With the images removed, return every line below exactly as it reads.

### SOURCE DATA
= Beginning of Section =

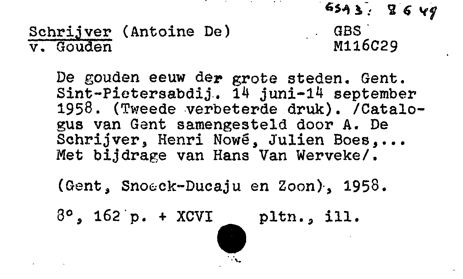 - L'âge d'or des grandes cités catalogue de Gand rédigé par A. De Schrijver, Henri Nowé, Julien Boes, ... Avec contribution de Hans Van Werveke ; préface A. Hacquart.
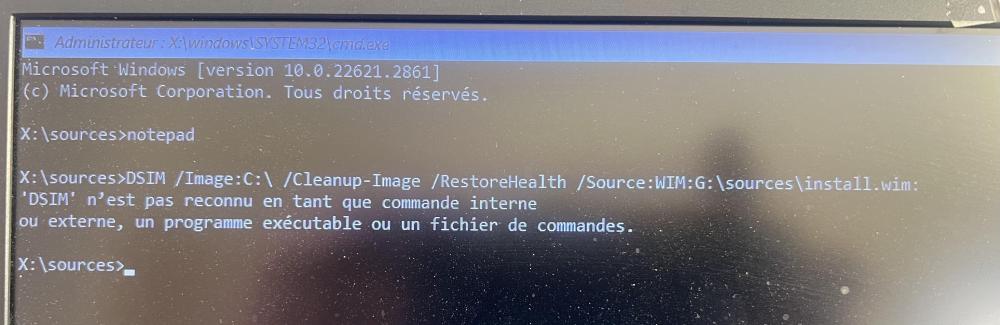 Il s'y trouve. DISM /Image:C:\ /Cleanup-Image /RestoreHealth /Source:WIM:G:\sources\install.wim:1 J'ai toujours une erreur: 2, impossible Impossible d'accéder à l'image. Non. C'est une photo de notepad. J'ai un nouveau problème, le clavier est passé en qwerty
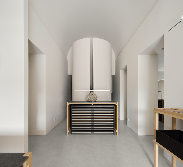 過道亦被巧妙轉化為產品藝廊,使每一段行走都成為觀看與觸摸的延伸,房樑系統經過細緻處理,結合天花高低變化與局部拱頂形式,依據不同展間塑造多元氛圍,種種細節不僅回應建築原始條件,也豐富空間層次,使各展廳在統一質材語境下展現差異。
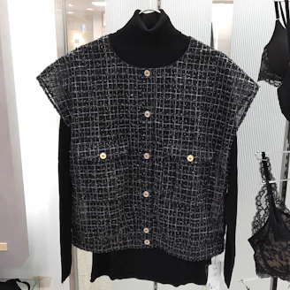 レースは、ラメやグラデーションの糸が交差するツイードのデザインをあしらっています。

= End of Section =

### SOLUTION TO THIS PROBLEM
 - L'âge d'or des grandes cités catalogue de Gand rédigé par A. De Schrijver, Henri Nowé, Julien Boes, ... Avec contribution de Hans Van Werveke ; préface A. Hacquart.
 Il s'y trouve. DISM /Image:C:\ /Cleanup-Image /RestoreHealth /Source:WIM:G:\sources\install.wim:1 J'ai toujours une erreur: 2, impossible Impossible d'accéder à l'image. Non. C'est une photo de notepad. J'ai un nouveau problème, le clavier est passé en qwerty
 過道亦被巧妙轉化為產品藝廊,使每一段行走都成為觀看與觸摸的延伸,房樑系統經過細緻處理,結合天花高低變化與局部拱頂形式,依據不同展間塑造多元氛圍,種種細節不僅回應建築原始條件,也豐富空間層次,使各展廳在統一質材語境下展現差異。
 レースは、ラメやグラデーションの糸が交差するツイードのデザインをあしらっています。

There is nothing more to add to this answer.